EXERCISE DESCRIPTION | The result should be the full listing copied exactly, with no pictures in it.

DATASET EXTRACT |
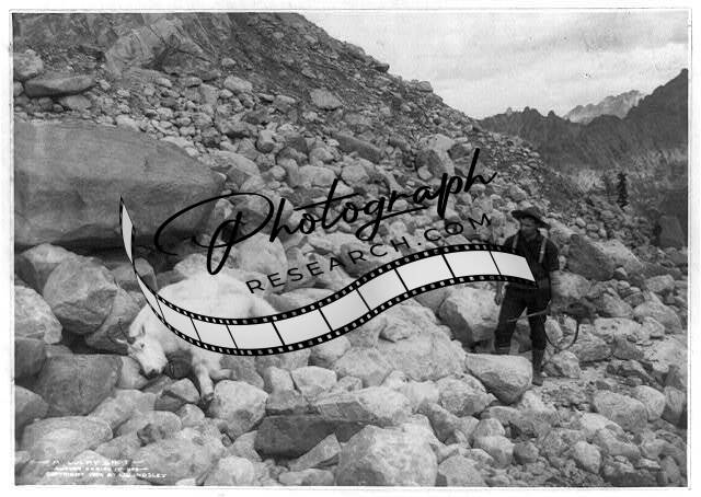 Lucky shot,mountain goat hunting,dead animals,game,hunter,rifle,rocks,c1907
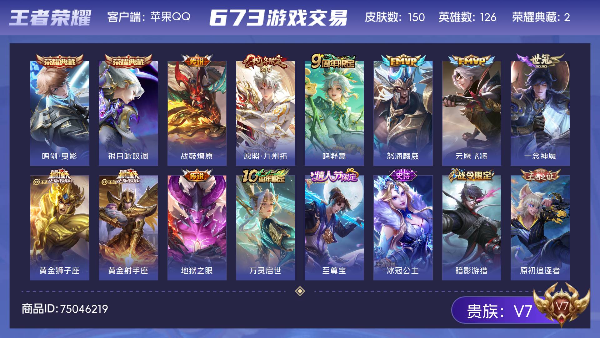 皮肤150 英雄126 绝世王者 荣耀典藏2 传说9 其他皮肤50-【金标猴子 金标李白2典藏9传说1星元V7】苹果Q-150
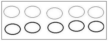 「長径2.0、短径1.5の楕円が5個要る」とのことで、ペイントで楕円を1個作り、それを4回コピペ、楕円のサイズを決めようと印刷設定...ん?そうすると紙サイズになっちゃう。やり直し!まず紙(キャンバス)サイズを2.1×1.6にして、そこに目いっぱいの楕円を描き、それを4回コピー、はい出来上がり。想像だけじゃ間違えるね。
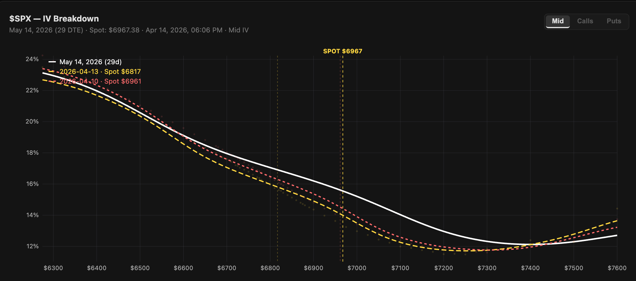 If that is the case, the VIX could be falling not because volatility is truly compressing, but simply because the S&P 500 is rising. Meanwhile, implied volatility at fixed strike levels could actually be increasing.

WRITTEN RESPONSE |
 Lucky shot,mountain goat hunting,dead animals,game,hunter,rifle,rocks,c1907
 皮肤150 英雄126 绝世王者 荣耀典藏2 传说9 其他皮肤50-【金标猴子 金标李白2典藏9传说1星元V7】苹果Q-150
 「長径2.0、短径1.5の楕円が5個要る」とのことで、ペイントで楕円を1個作り、それを4回コピペ、楕円のサイズを決めようと印刷設定...ん?そうすると紙サイズになっちゃう。やり直し!まず紙(キャンバス)サイズを2.1×1.6にして、そこに目いっぱいの楕円を描き、それを4回コピー、はい出来上がり。想像だけじゃ間違えるね。
 If that is the case, the VIX could be falling not because volatility is truly compressing, but simply because the S&P 500 is rising. Meanwhile, implied volatility at fixed strike levels could actually be increasing.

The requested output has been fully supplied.